Member of the Hillsborough County Commission from the 2nd district
- In office November 16, 2010 – November 20, 2018
- Preceded by: Ken Hagan
- Succeeded by: Ken Hagan

Member of the Florida Senate
- In office November 7, 2000 – November 2, 2010
- Preceded by: John Grant
- Succeeded by: Jim Norman
- Constituency: 13th district (2000–2002) 12th district (2002–2010)

Member of the Florida House of Representatives from the 60th district
- In office November 3, 1992 – November 7, 2000
- Preceded by: Mary Figg
- Succeeded by: Sara Romeo

Personal details
- Born: June 21, 1957 (age 69) New Orleans, Louisiana
- Party: Republican
- Spouse: Angela
- Education: St. Petersburg Junior College (A.A.) University of South Florida (B.A.)
- Occupation: Businessman

= Victor Crist =

American politician (born 1957)

Victor D. Crist (born June 21, 1957) is a Republican politician from Florida who has served as Hillsborough County Clerk of Court and Comptroller since 2025. He previously served as a member of the Florida House of Representatives from the 60th district from 1992 to 2000 and as a member of the Florida Senate from 2000 to 2010. He later served on the Hillsborough County Commission from 2010 to 2018.

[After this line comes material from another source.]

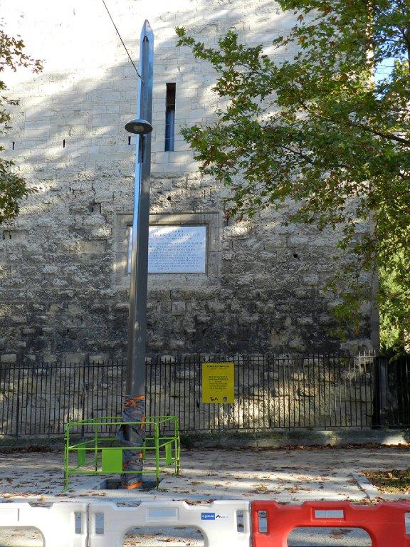 Un panneau de permis de construire a été fixé sur une grille située au pied de la Tour des Pins, boulevard Henri IV à Montpellier. Photo prise le vendredi 6 novembre 2015. Copyright : Anje34

In the Senate, Crist served as Chair of the Senate's Criminal and Civil Justice Appropriations Committee and as Vice Chair of the Senate's Health Policy Committee. Crist has served as an advisor on justice issues to Florida's Attorneys General and Governors.

He started Metropolitan Communications, Inc. in 1983 while still an undergraduate student working through college. In 1997, Crist founded the University Area Community Development Corporation in Tampa. Crist served as chairman of the board and CEO of the organization for its first 16 years.